Publisher's note: This article was originally published on Examiner.com on February 22, 2015. The Examiner.com publishing platform was discontinued July 1, 2016, and its web site was scheduled to go dark on or about July 10, 2016. I am republishing this piece in an effort to preserve it and all my other contributions to Examiner.com since April 6, 2010. It is reposted here without most of the internal links that were in the original.
African ambassador calls for 'peace, love, and understanding' in D.C. speech
Recalling the Nick Lowe song from the 1970s, “What's so funny about peace, love, and understanding?,” the Gabonese Ambassador to the United States argued in a recent speech that peace, love, and understanding are necessary components of contemporary international relations.
Ambassador Michael Moussa-Adamo's remarks to the Universal Peace Federation and The Washington Times Foundation were published on February 20 by Sub-Saharan Monitor, a newsletter about African politics and culture.
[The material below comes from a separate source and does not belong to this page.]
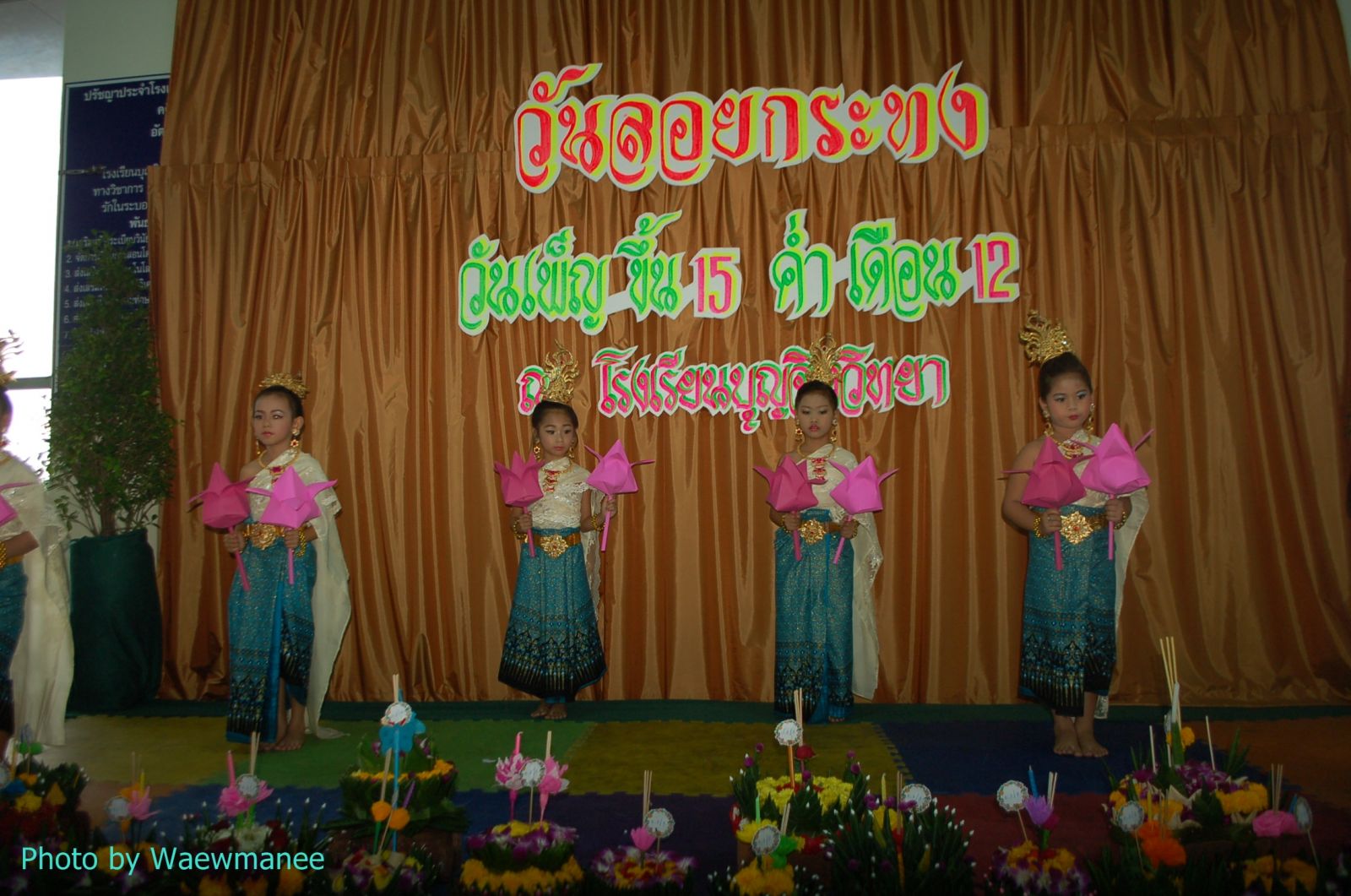เมื่อวันที่ 28 พ.ย. 55 ฝ่ายบริหารทั่วไป โดยฝ่ายงาน กิจกรรมนักเรียน คุณครูวัชรา เชษตราช (รอง ผอ.ฝ่าย) คุณครูสุรัสวรินทร์ มะโนวรณ์ (หน.ฝ่าย) และคุณครูชมพู สีสดใส ร่วมจัดกิจกรรมวันลอยกระทง โดยมีการประกวดประดิษฐ์กระทง การประกวดรำวงเพลงลอยกระทง และการประกวดหนูน้อยนพมาศ ซึ่งเป็นที่สนุกสนาน ทั้งนักเรียน คุณครู และผู้ปกครอง อีกทั้งเป็นการสืบทอดประเพณีที่ดีงามของไทยอีกด้วย... ภาพ/ข่าวโดยสนธยา

The occasion for the speech was World Interfaith Harmony Week.
Lowe's song (made famous by Elvis Costello), the Ambassador said, asks “why peace and love and understanding are remarkable concepts rather than mundane ones.”
He conceded that “if one picks up a daily newspaper, the front page headlines do not talk about peace or love or understanding. Instead, we read about war and terrorism and murder and sexual assault. We read about human beings performing inhumane acts against other human beings.”
Referring to Harvard psychologist Steven Pinker's 2012 book, The Better Angels of Our Nature: Why Violence Has Declined, Ambassador Moussa-Adamo noted that “we live in the most peaceful era of human history. Not only are there fewer wars now than there were even in the recent, 20th-century past, but there are fewer violent crimes such as assault and murder.”
He added that this is true not only in the industrialized, Western democracies like Europe and North America, but also in so-called developing countries of Latin America, Africa, and Asia.
Nonetheless, he said, statistics that say violence is reduced to record low levels is small comfort to the victim of terrorism or sexual assault.
The Ambassador asked, “What can we do to promote interfaith harmony and the triplet: peace, love, and understanding?”
He said there were three action items:
“First, we must learn how to agree to disagree...
“Second, we must sit down and reason together....”
And third, “We must not be afraid to dream.”
In concrete terms, the Gabonese ambassador said that “we must invest in education, especially but not exclusively in education for girls. It is proven that, in societies where girls and women are able to learn in school, their societies are healthier, more affluent, and more peaceful. Those who oppose education for girls oppose progress for everyone, including themselves.”
He referred to Gabonese President Ali Bongo Ondimba's program called “Gabon Emergent,” which posits that the country “must move beyond its reliance on a few natural resources – mostly oil, timber, and minerals – and create the conditions for a diversified economy that includes services like banking and insurance, high technology, and green industries.” The aim is to create jobs and new businesses and increase commercial engagement with overseas partners like the United States.
Concluding his remarks, Ambassador Moussa-Adamo said that “we must continue to pursue justice and peace through interfaith dialogue. Christians, Muslims, Jews, Hindus, Buddhists – even agnostics and atheists – must continue to talk to each other, to share what we have in common, to analyze what divides us, and work toward a world dominated not by conflict and pain but by peace, love, and understanding.”
Michael Moussa-Adamo has served as Gabon's Ambassador to the United States since September 2011.